→ Activity:
Quote every line below exactly and skip any picture.

Dataset excerpts
....................

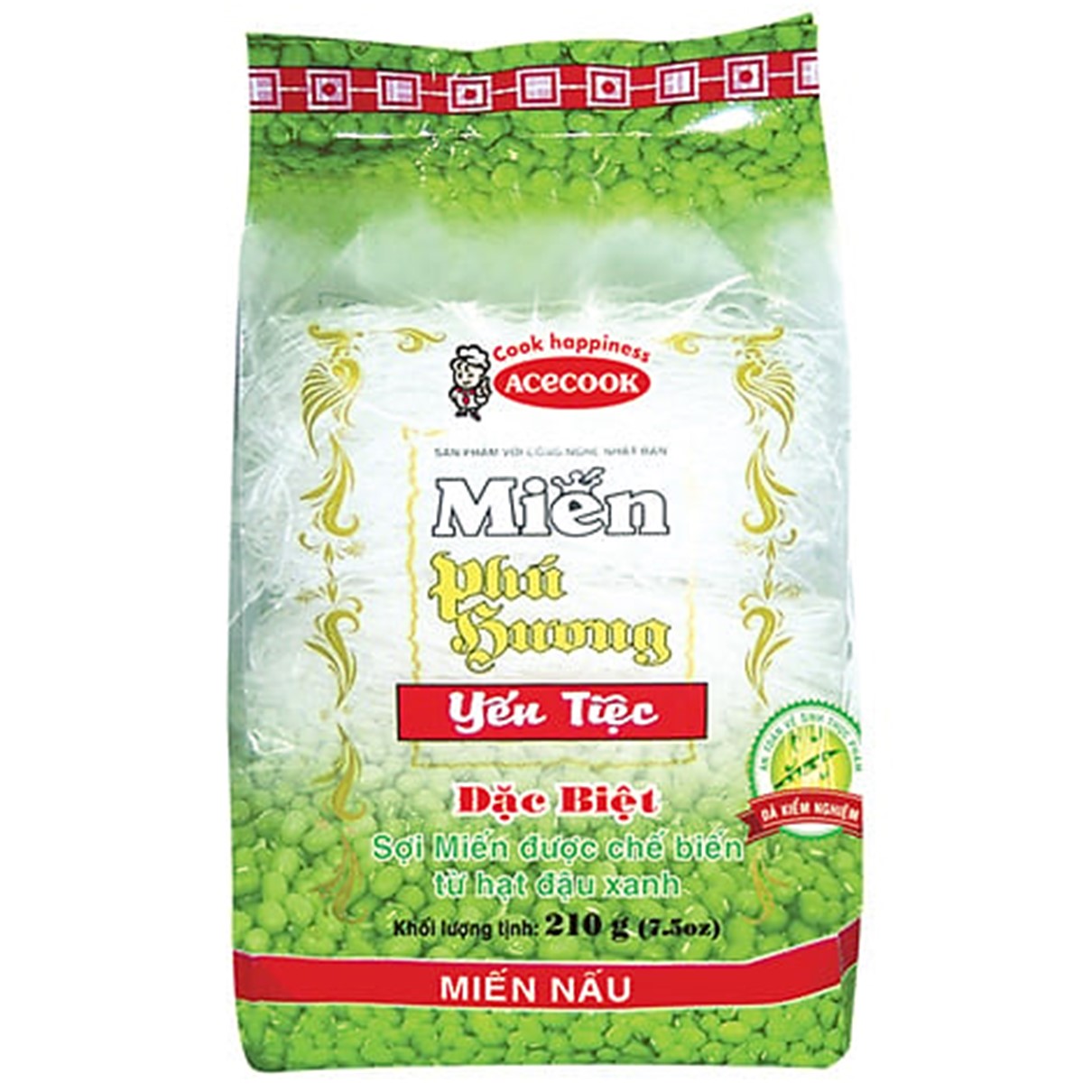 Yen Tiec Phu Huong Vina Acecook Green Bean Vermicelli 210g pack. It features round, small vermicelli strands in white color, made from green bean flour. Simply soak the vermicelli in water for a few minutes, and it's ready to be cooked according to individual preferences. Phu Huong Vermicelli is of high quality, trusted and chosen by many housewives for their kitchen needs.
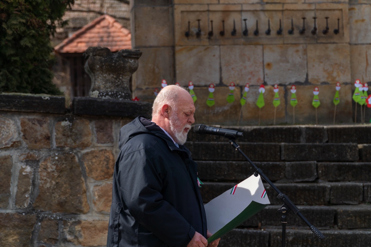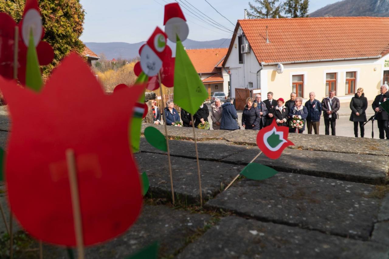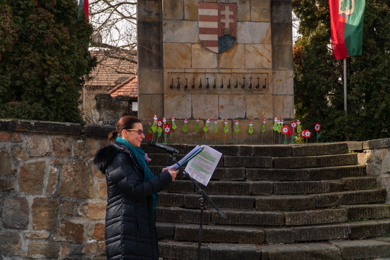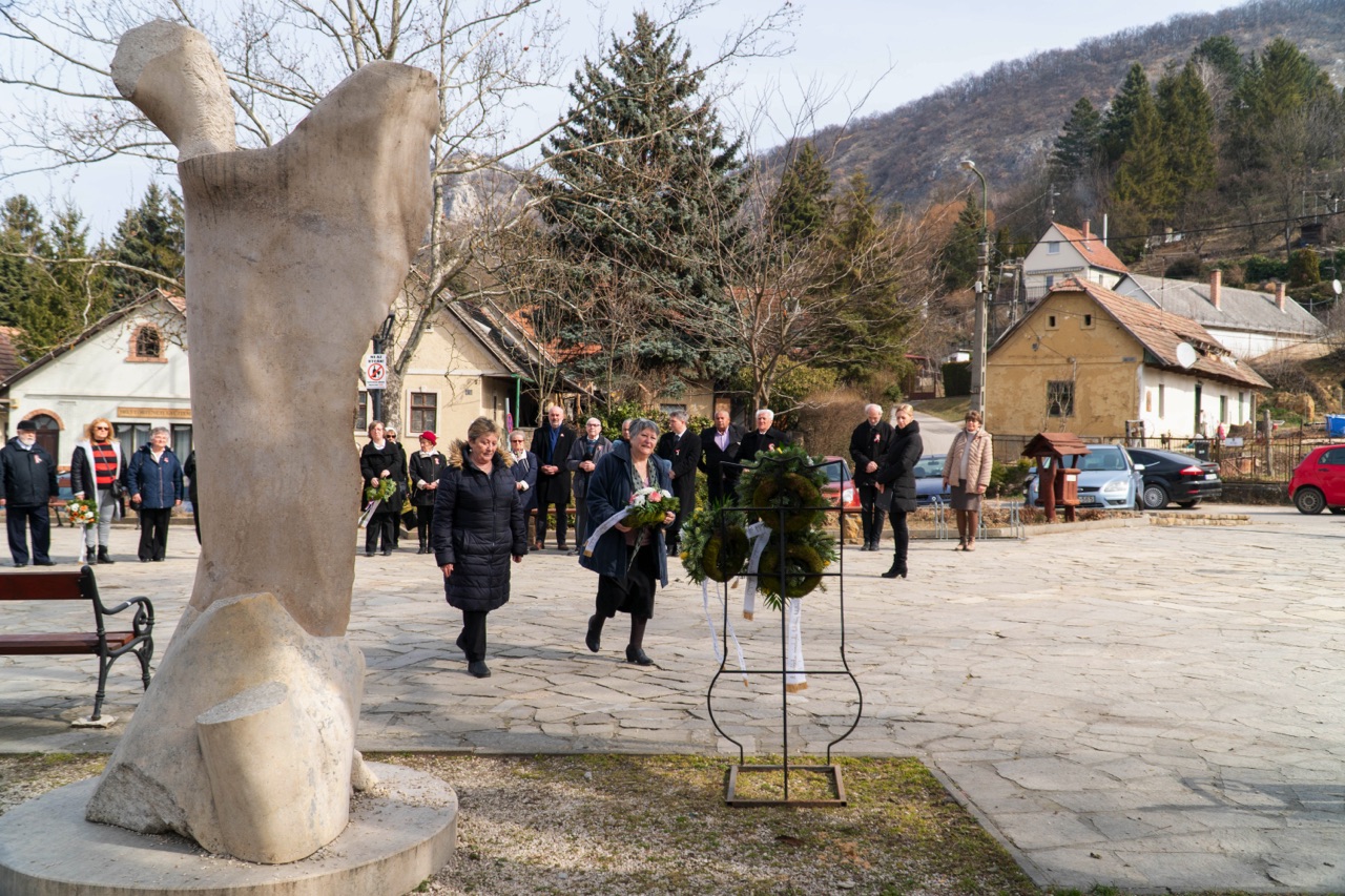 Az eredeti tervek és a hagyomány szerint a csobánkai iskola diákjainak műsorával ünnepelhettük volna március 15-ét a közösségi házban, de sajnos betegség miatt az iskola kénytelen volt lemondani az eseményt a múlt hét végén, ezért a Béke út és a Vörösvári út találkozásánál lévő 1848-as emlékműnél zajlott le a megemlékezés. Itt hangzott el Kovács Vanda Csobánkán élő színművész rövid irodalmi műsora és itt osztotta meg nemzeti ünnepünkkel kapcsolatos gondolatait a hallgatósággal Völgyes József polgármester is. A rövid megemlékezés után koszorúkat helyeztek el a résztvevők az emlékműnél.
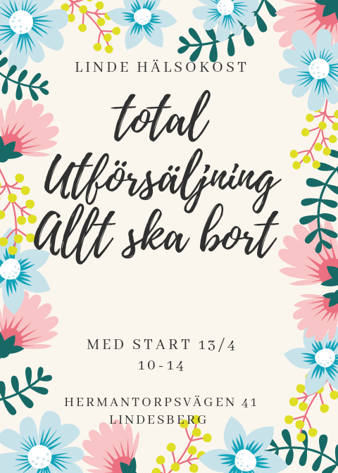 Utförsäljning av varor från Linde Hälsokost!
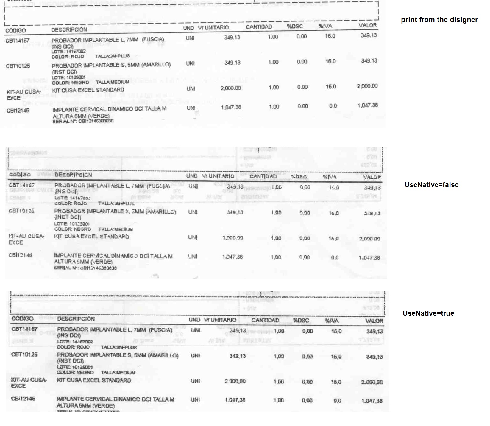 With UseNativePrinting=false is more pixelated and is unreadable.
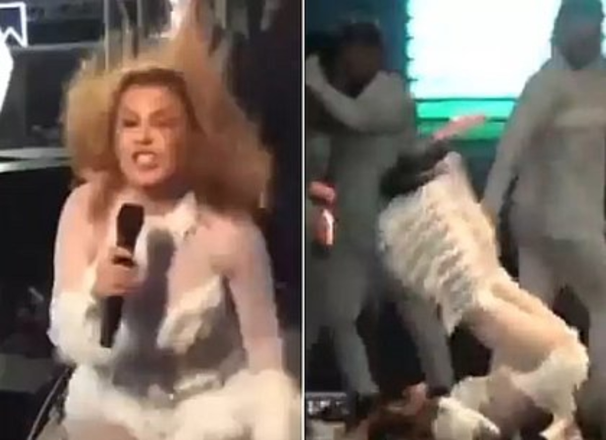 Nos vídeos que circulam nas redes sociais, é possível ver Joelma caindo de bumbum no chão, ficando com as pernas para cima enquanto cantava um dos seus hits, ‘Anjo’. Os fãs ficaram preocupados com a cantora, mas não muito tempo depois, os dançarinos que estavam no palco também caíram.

....................

→ Answer section:
 Yen Tiec Phu Huong Vina Acecook Green Bean Vermicelli 210g pack. It features round, small vermicelli strands in white color, made from green bean flour. Simply soak the vermicelli in water for a few minutes, and it's ready to be cooked according to individual preferences. Phu Huong Vermicelli is of high quality, trusted and chosen by many housewives for their kitchen needs.
 Az eredeti tervek és a hagyomány szerint a csobánkai iskola diákjainak műsorával ünnepelhettük volna március 15-ét a közösségi házban, de sajnos betegség miatt az iskola kénytelen volt lemondani az eseményt a múlt hét végén, ezért a Béke út és a Vörösvári út találkozásánál lévő 1848-as emlékműnél zajlott le a megemlékezés. Itt hangzott el Kovács Vanda Csobánkán élő színművész rövid irodalmi műsora és itt osztotta meg nemzeti ünnepünkkel kapcsolatos gondolatait a hallgatósággal Völgyes József polgármester is. A rövid megemlékezés után koszorúkat helyeztek el a résztvevők az emlékműnél.
 Utförsäljning av varor från Linde Hälsokost!
 With UseNativePrinting=false is more pixelated and is unreadable.
 Nos vídeos que circulam nas redes sociais, é possível ver Joelma caindo de bumbum no chão, ficando com as pernas para cima enquanto cantava um dos seus hits, ‘Anjo’. Os fãs ficaram preocupados com a cantora, mas não muito tempo depois, os dançarinos que estavam no palco também caíram.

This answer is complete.